With pictures omitted, copy exactly every line from the one that contains "DULHE YARIM FERMUARLI" to the end of the listing below.

DATASET SECTION =
+ + +

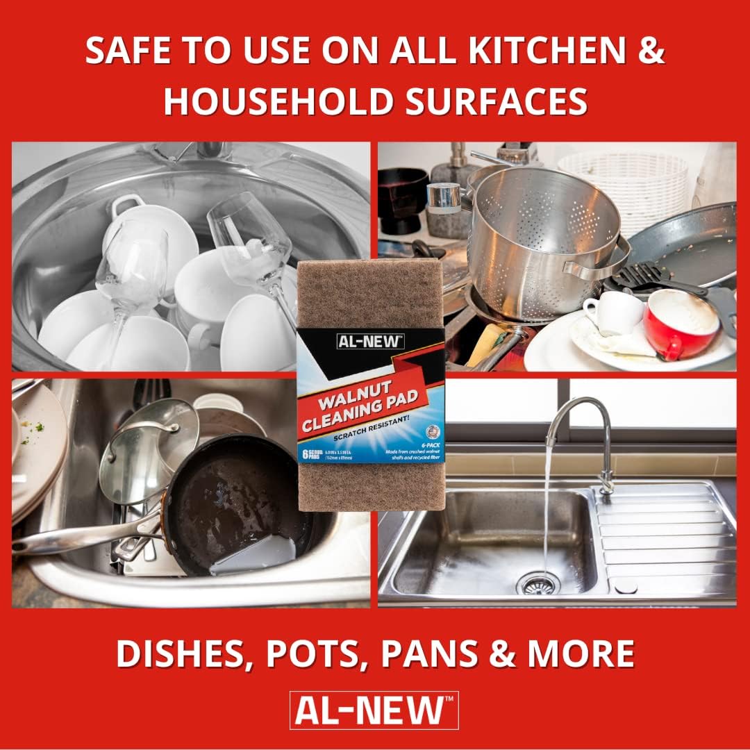 AL-NEW Walnut Cleaning Pads | Versatile, Scratch Resistant Household Cleaning & Scouring Pads for Kitchen Cleaning, Dishes, Pots, Pans & More (6 Pack)
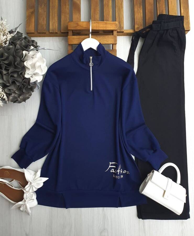 DULHE YARIM FERMUARLI ALTI BASKILI TUNİK 5630-12-LACİVERT
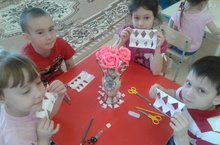Зурлар төркемендә балалар кисеп ябыштыру эшчәнлегендә салфетка ясау максатыннан симметрияле формада предметлар кисәргә өйрәнделәр ,икегә бөкләнгән кәгазьгә өчпочмак формасын ясап ромбик кистеләр, сурәтләрне кәгазь битендә дөрес итеп урнаштырдылар,эш барышында балаларның кайчы белән дөрес эшләү күнекмәләрен камилләштерелде, эшләренә анализ ясалды. (Тәрбияче: Солтанова Г.Г)

+ + +

TASK RESULT =
 DULHE YARIM FERMUARLI ALTI BASKILI TUNİK 5630-12-LACİVERT
Зурлар төркемендә балалар кисеп ябыштыру эшчәнлегендә салфетка ясау максатыннан симметрияле формада предметлар кисәргә өйрәнделәр ,икегә бөкләнгән кәгазьгә өчпочмак формасын ясап ромбик кистеләр, сурәтләрне кәгазь битендә дөрес итеп урнаштырдылар,эш барышында балаларның кайчы белән дөрес эшләү күнекмәләрен камилләштерелде, эшләренә анализ ясалды. (Тәрбияче: Солтанова Г.Г)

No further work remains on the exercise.